Keep the images out and set the listing below down word for word.

*Supplied material:*
------------------------

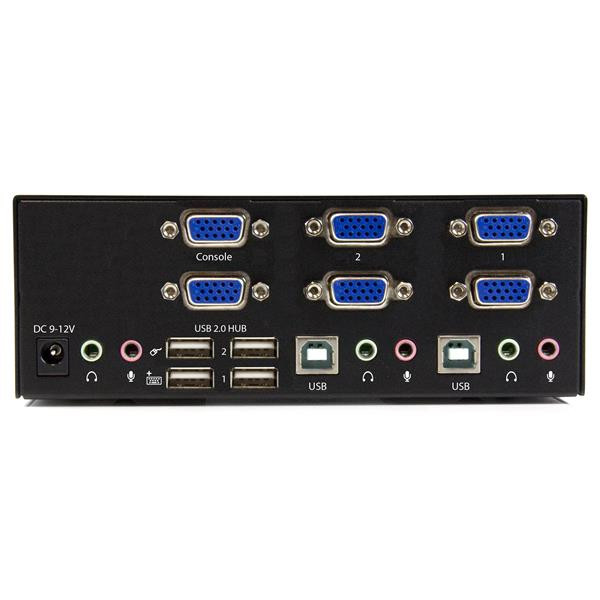This USB KVM lets you connect two computers, each with dual VGA outputs, to a dual-monitor workstation. You can switch the workstation between each computer, as well as two additional USB peripheral devices and 3.5mm speakers & microphone.
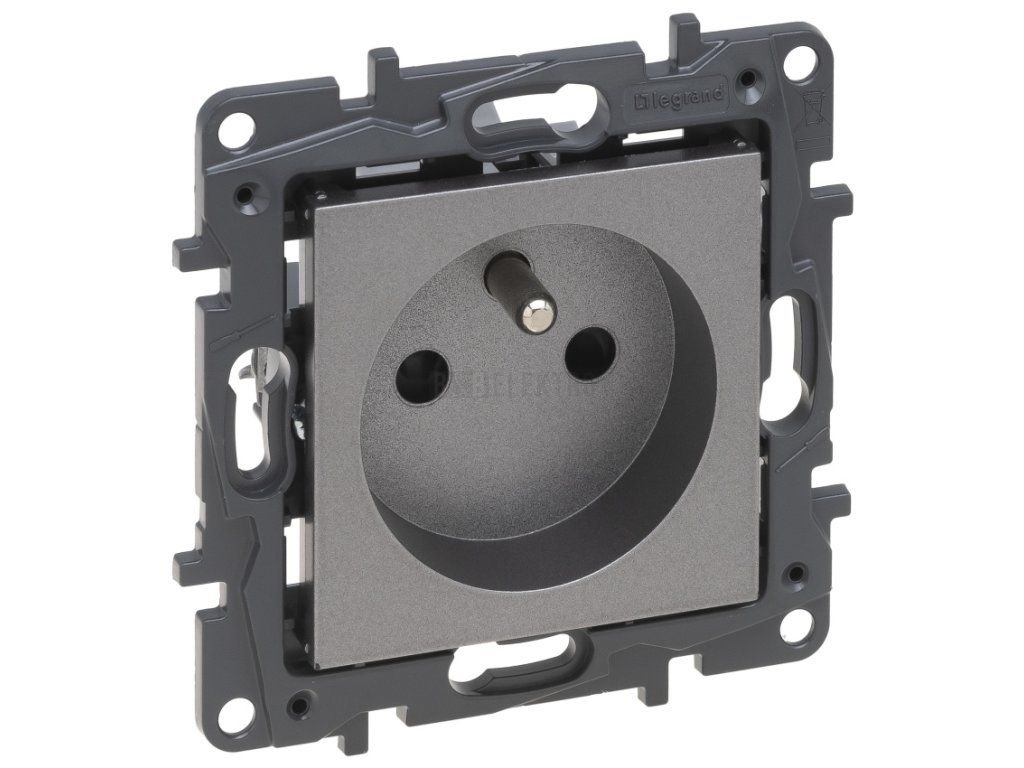 NILOÉ Step zásuvka jednonásobná 2P+T s clonkami, barva ocel, Legrand 863433
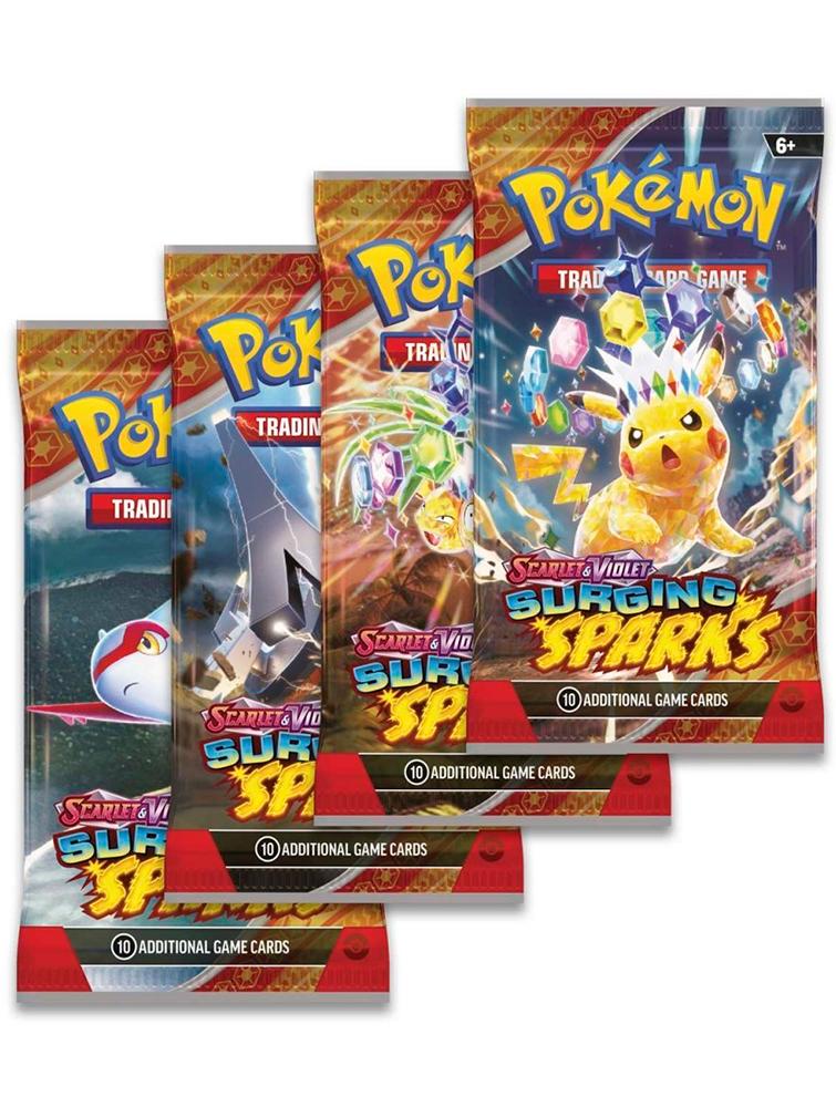 Terawatts of electricity crash down from the sky in a tropical paradise, setting the stage for the supercharged Pikachu ex! With the power of a Stellar Tera Pokémon ex, it lights up the shoreline, revealing a parade of dragon Pokémon led by the towering Alolan Exeggutor ex! Archaludon ex and Latias ex round out the horde, while new ACE SPEC cards and more new Pokémon ex bring surprises of their own. Currents crackle and Dragon types roar in the Pokémon TCG: Scarlet & Violet—Surging Sparks expansion!?

------------------------

*Written solution:*
This USB KVM lets you connect two computers, each with dual VGA outputs, to a dual-monitor workstation. You can switch the workstation between each computer, as well as two additional USB peripheral devices and 3.5mm speakers & microphone.
 NILOÉ Step zásuvka jednonásobná 2P+T s clonkami, barva ocel, Legrand 863433
 Terawatts of electricity crash down from the sky in a tropical paradise, setting the stage for the supercharged Pikachu ex! With the power of a Stellar Tera Pokémon ex, it lights up the shoreline, revealing a parade of dragon Pokémon led by the towering Alolan Exeggutor ex! Archaludon ex and Latias ex round out the horde, while new ACE SPEC cards and more new Pokémon ex bring surprises of their own. Currents crackle and Dragon types roar in the Pokémon TCG: Scarlet & Violet—Surging Sparks expansion!?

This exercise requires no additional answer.